According to Saaty [41], to make a decision we need to know the problem, the need and purpose of the decision, the criteria of the decision, the sub-criteria, the stakeholders and groups affected, and the alternative actions to take. In this study, where the AHP is used to hierarchize the criteria by their weighting score, the sub-criteria are used to expand the pairwise comparisons at a more in-depth level. In that way, the analysis gets to the root of the decision-making problem and becomes more precise and understandable. Based on Table 4, these sub-criteria comparisons are visualized and analyzed in the following sections.

4.2.1. Equipment

Wood and Gidado [50] suggested that the definition of a complex project should refer to the interaction, interdependencies, and interrelationships between the parts of a project and that a great deal of complexity lies within the organizational aspects of a project. The dynamics of innovation are based upon a wide spectrum of possibilities within the system, including incremental innovation at one extreme and breakthrough innovation at the other. Innovation is a process whereby the learning experience and the technology-adoption life cycle contribute to the creative thinking behind underlying motivational forces, whether technology- or market-driven [51]. When it comes to maintenance adequacy, the main objective is to provide maintenance capacity (resources) to meet the random maintenance workload, in order to achieve several objectives that include maximizing the system availability, safety, and the utilization of limited resources [52]. The area of asset management is gaining significance, especially in the availability contracts [53]. Maintaining a proper fleet of equipment can be of strategic importance to a company in cases where the award of a contract is also based upon the condition and availability of the equipment [54]. Furthermore, any unavailability of the proper equipment could cause its overturning, causing damage to property and personnel injury or even fatality, as Edwards [55] highlights.

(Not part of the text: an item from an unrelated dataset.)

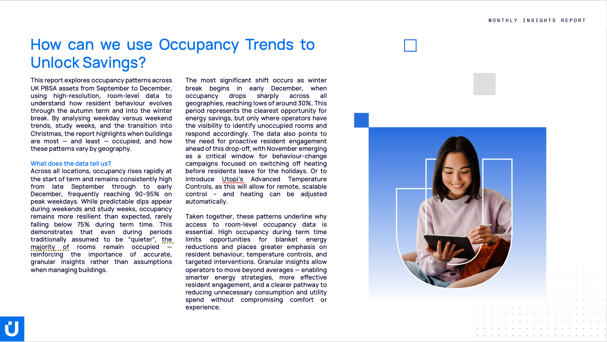 “We talk a lot about granular, room-level insights, and this report showcases why being armed with the right data is so important. Having an understanding of resident behaviours and how residents are living in your assets allows you to build strategies for asset performance optimisation and remove any guess work; while also keeping you informed of other areas like resident welfare and minimising isolation – a hot topic in the PBSA sector right now. ”Falk Bleyl, CTO & Co-Founder at Utopi

According to the above literature review framework concerning equipment-related factors that affect the operator’s productivity, the AHP analysis revealed the trends depicted in Figure 9.

Fleet availability and maintenance adequacy were of great interest for most of the evaluators, and they presented similar weighting results. Specifically, equipment operators granted 12% and 11% to fleet availability and maintenance adequacy, respectively, declaring those two factors as the most influential ones when it comes to construction equipment.

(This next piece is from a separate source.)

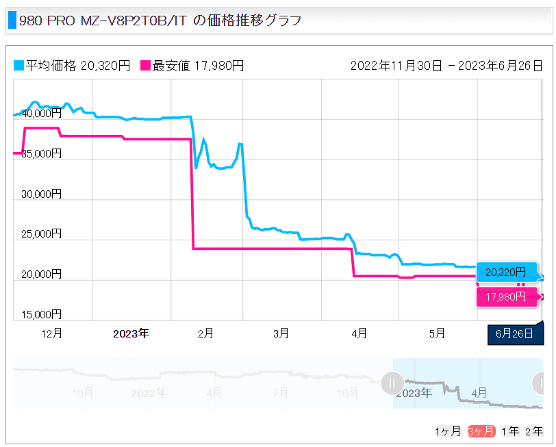 今回データ保管用SSDとして購入したSamsung SSD 980 PROの価格推移グラフなんですが、やばくないですか。

4.2.2. Operator’s Competence

The research suggests that personal motivation is a critical internal driving force that, if harnessed, can significantly improve an operator’s productivity rate when working mobile plant and machinery [56]. Edwards et al. [56] concluded that the operators’ personal motivation can best be encouraged by paying attention to “personal satisfiers” and “security” aspects, with particular emphasis being given to work flexibility and variety, a safe work environment, and appropriate operator remuneration.

In terms of reducing fuel consumption, unit emissions and cost, Jukic and Carmichael [57] revealed that, compared to the baseline values, trained drivers saw a reduction in their fuel consumption by an average of 8.5 percent, reducing to 7.7 percent in the several weeks following training.

Regarding the operator’s knowledge/experience, Edwards [58] indicated that the more competent (a mix of qualification and experience) an excavator operator is, the more efficiently (i.e., productively) they can employ the machine and vice versa.

Fatigue is one of the factors leading to reduction in productivity, poor quality of work, and increased risk of accidents in construction [59]. Handling heavy construction equipment is considered as a hazardous occupation and requires personnel to maintain high levels of work situational awareness (WSA). In an analysis made by Sneddon et al. [60], it was found that higher levels of stress, sleep disruption, and fatigue were significantly associated with lower levels of WSA.

The AHP results highlighted the aforementioned factors against the operator’s competence among evaluators, as shown in Figure 10.

The AHP weighting results point out the knowledge/experience criterion as being the most influential on the operator’s competence, with total scores of 31% and 21% for the operator and the equipment owner evaluation groups, respectively.

4.2.3. Task

According to Dinakar [61], a clean and efficient planning mechanism, which clearly specifies the work and timetable to be used, can prevent delays in construction projects. Particularly in the European Union, it is a common practice to execute most of the public works through co-founded financial projects. Those projects are characterized by tight budgets and strict timetables [62]. Such timetables could be stressful for the earthwork equipment operators, causing their productivity degradation.

Wood and Gidado [50] tried to provide a greater understanding of the science of complexity in construction. Their research results suggested that the definition of a complex project should refer to the interaction, the interdependencies, and the interrelationships between parts of a project and that the largest amount of complexity lies within the organizational aspects of a project.

Izetbegović and Nahod [63] examined the relationship between the workload, the time pressure, and the work productivity of a construction project. Their findings showed a significant productivity reduction in the case of an additional workload, no matter whether the additional work was required or was a consequence of prior poor performance.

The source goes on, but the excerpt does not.